Choosing your dataset
Depending on your selected algorithm or scheme, you may also require a dataset. Many quantization algorithms, such as GPTQ, AWQ, SmoothQuant, and AutoRound, require a calibration dataset to analyze activation patterns and optimize weight transformations. This dataset helps the algorithm identify which weights and activations are most critical to preserve during compression. LLM Compressor also supports many datasets from the Hugging Face Datasets library, making it easy to find a suitable dataset for calibration.
Algorithms requiring datasets
- AWQ
- GPTQ
- AutoRound
- SmoothQuant
Info
RTN (Round-to-Nearest) quantization is data-free and can compress models without any calibration dataset. However, calibration-based methods typically achieve better accuracy recovery, especially at lower bit-widths.
Schemes requiring datasets
Quantization schemes where activations are quantized non-dynamically (i.e the scales to quantize the activations are not determined during inference time) will also require a dataset.

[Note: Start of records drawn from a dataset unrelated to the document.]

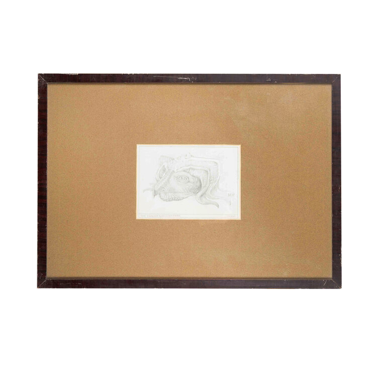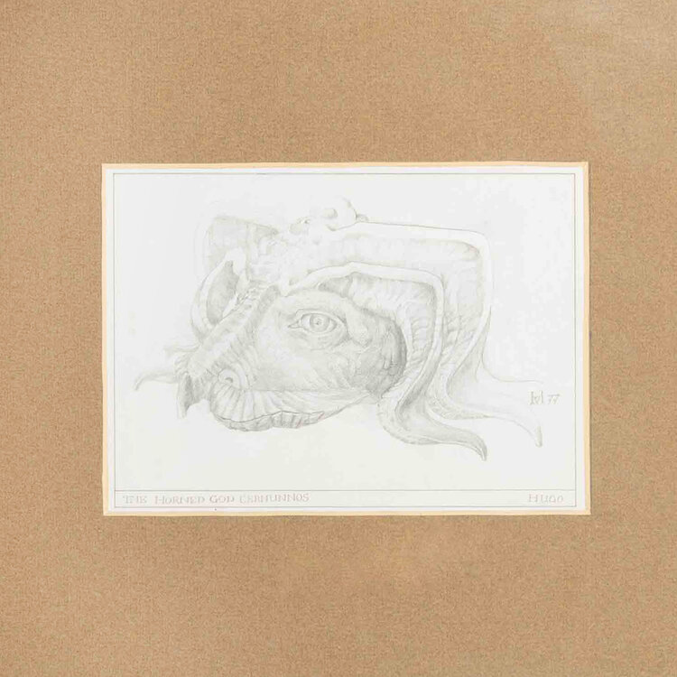 Hugo Vermeulen, The horned God Cernunnos, 1977. Zilverstift op papier in houten lijst. Illustratie van een fantasiedier met hoorns. Rechtsonder signatuur. Conditie: werk in goede staat, lijst toont gebruikssporen zoals krassen. Afmetingen: werk: 13 x 18 cm, lijst 37 x 52 cm.
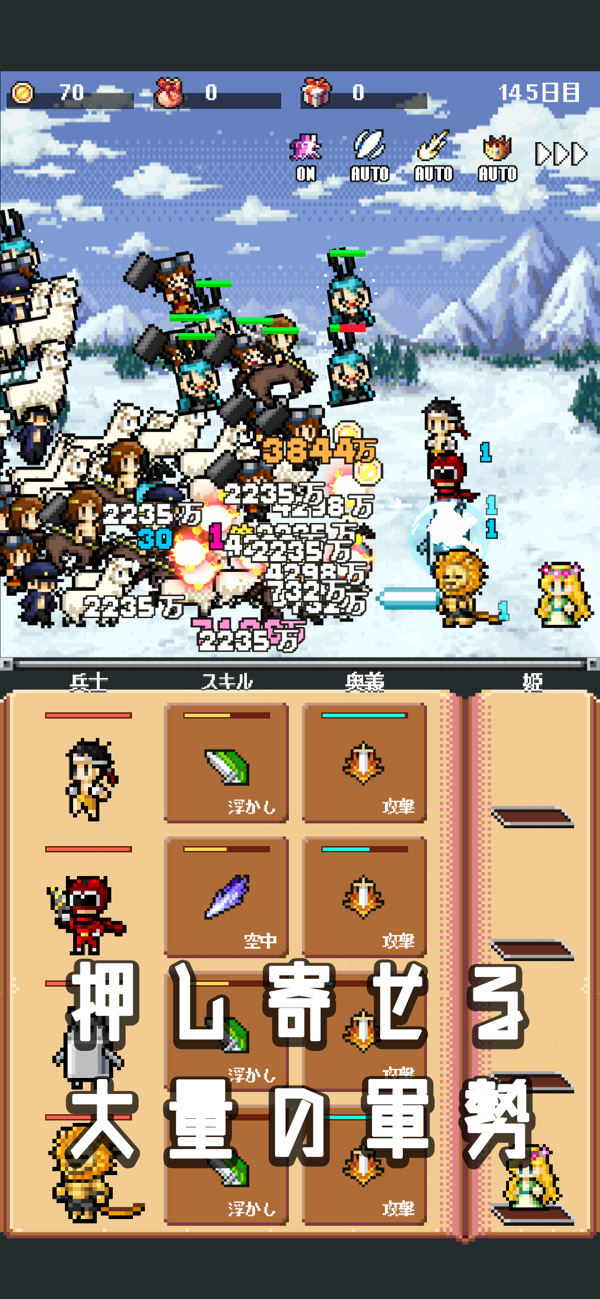 メジェド様やアーティファクトのレベルアップや進化などでメジェ教団を育成すると、もっと派手で爽快に敵を倒せるようになるよ。
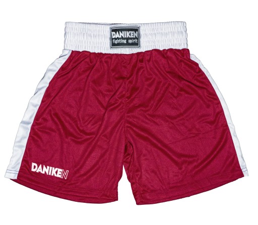 Spodenki bokserskie Daniken - Mesh - czerwone Klasyczny model spodenek. Biały, szeroki 7,5 cm pas z gumą i sznurkiem umożliwiający pełną swobodę ruchu. Wykonane z leistego, przyjemnego materiału typu mesh. Materiał jest przewiewny i zapewnia komfort użytkowania. Na jednej nogawce haft z logo producenta. Cechy produktu: SKŁAD: 100% poliester MATERIAŁ: lekka satyna umożliwiająca pełną swobodę ruchów. DESIGN: klasyczny design odpowiedni do codziennego treningu i na zawody sportowe. Jak dobrać rozmiar? Rozmiar Pas / Max Wysokość gumy w pasie Długość nogawki od pasa Długość od pasa do kroku S 31 / 47 cm 7,5 cm 39 cm 23 cm M 34 / 49 cm 7,5 cm 40 cm 27 cm L 35 / 51 cm 7,5 cm 46 cm 28 cm XL 39 / 56 cm 7,5 cm 51 cm 31 cm XXL 40 / 57 cm 7,5 cm 55 cm 33 cm
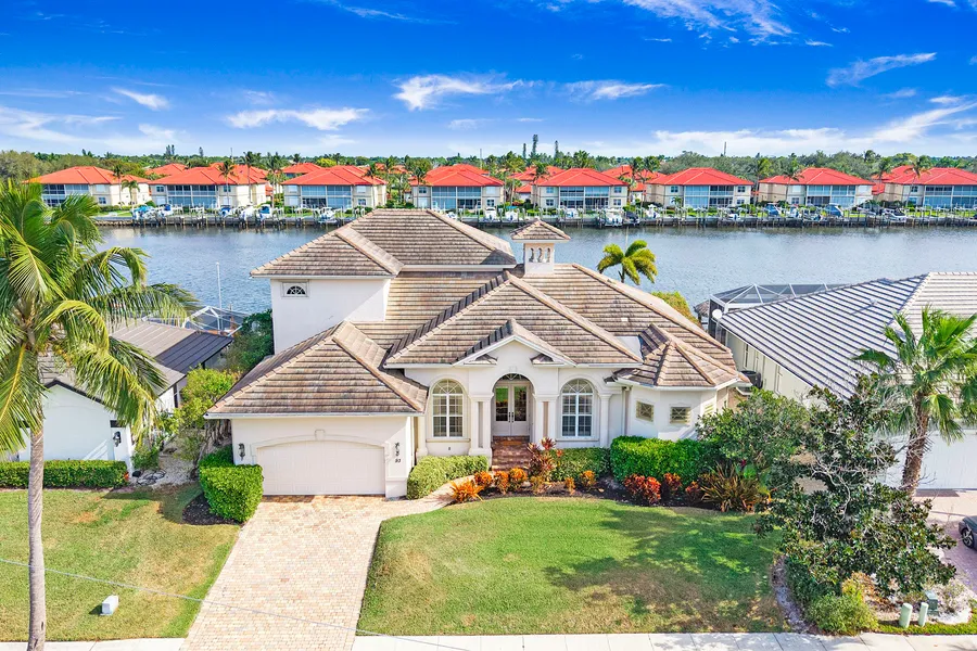 93 S. Seas Court is a centrally located four-bedroom, four-bath waterfront home with a half bath, den and fantastic views of a wide bay. Interior features include a luxurious primary bath with walk around shower, two water closets and separate Jacuzzi tub. Kitchen has custom wood cabinetry and granite countertops, and tile flooring in all common areas. Two bedroom suites down, and two suites upstairs with full baths. Both bedrooms go out to a large balcony. Exterior amenities are a large covered lanai. heated pool and spa. Large dock with a 12,000-pound lift. Seawall is 2004. Brick paver driveway and pool deck.
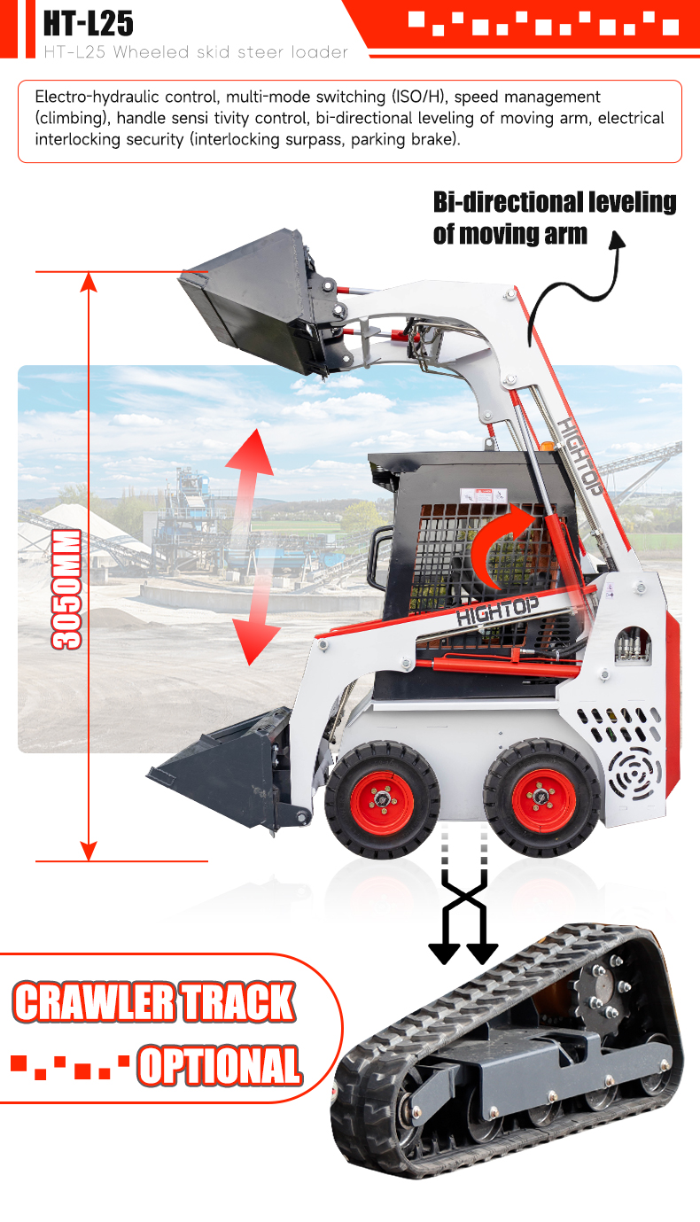 HT-L25 wheeled skid steer loader adopts luffing working arm, compact structure, strong applicability, and can play well in narrow situation operation with strong carrying capacity.
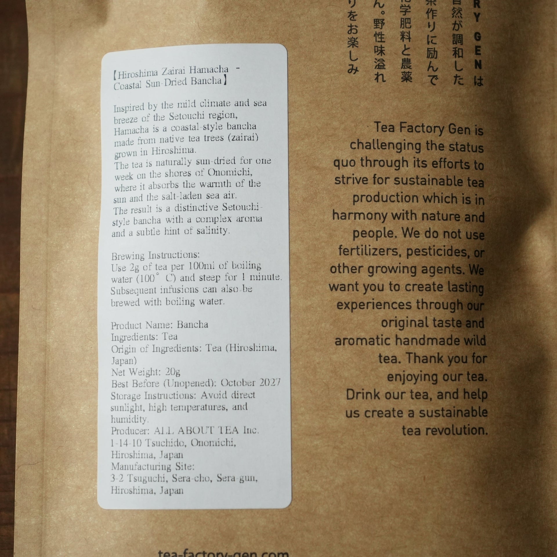 Hiroshima Zairai Hama-cha - Native Bancha Dried At Beach by TEA FACTORY GEN 30g/1.06 oz
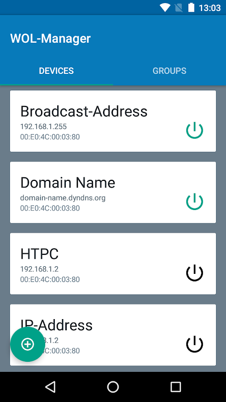 WOL-Manager adalah Wake-On-LAN (dan WAN) App yang mengelola perangkat (PC, NAS, Server atau perangkat yang kompatibel Wake-On-LAN lainnya) dan ternyata mereka hanya dengan satu kali klik dari seluruh dunia . Mengakses data Anda, tidak peduli di mana Anda berada, semua yang Anda butuhkan adalah koneksi internet dan software remote tambahan.

These Include: - NVFP4: Data is required to calibrate the activation scales, allowing quantization of the activatins to FP4 during inference - Static-Per Tensor Activation Quantization: Commonly used with FP8 and INT8 weight quantization, if you are targeting a static-per tensor scheme for activation quantization, data is required to calibrate a single scale which enables quantization of the activations to 8 bits during inference
Key considerations
When selecting a calibration dataset, consider the following factors:
Domain alignment
The calibration dataset should be representative of your target use case. For general-purpose language models, common choices include:
- General text datasets: WikiText or C4 for broad language understanding
- Instruction-tuning data: UltraChat for instruction-following models
- Domain-specific data: E.g. code datasets for coding models
Some popular datasets include:
| Dataset | Best for | Description |
|---|---|---|
ultrachat-200k | Instruction-following models | High-quality conversational data for chat and assistant models |
open-platypus | General instruction models | Diverse instruction-following examples |
wikitext-2-raw-v1 | General language models | Clean Wikipedia text for broad language understanding |
c4 | General pre-training | Large-scale web text for general-purpose models |
Dataset size
Most calibration algorithms work well with relatively small datasets:
- Typical range: 128-512 samples is sufficient for most models
- Trade-off: More samples improve representation but increase compression time
- Recommendation: Start with 128-256 samples; increase if accuracy recovery is insufficient
LLM Compressor makes it easy to use popular calibration datasets from Hugging Face by providing access to processed datasets. Users only need to pass in a string with the dataset name or a supported dataset. Begin with a standard dataset like ultrachat-200k, then iterate if needed. Alternatively, you can use your own custom dataset and pass in the dataset object into LLM Compressor for calibration as well.
LLM Compressor provides easy access to popular calibration datasets from Hugging Face. For supported datasets, simply pass the dataset name as a string (e.g., ultrachat-200k). Start with a standard dataset and iterate as needed. You can also use custom datasets by passing a dataset object directly to LLM Compressor for calibration.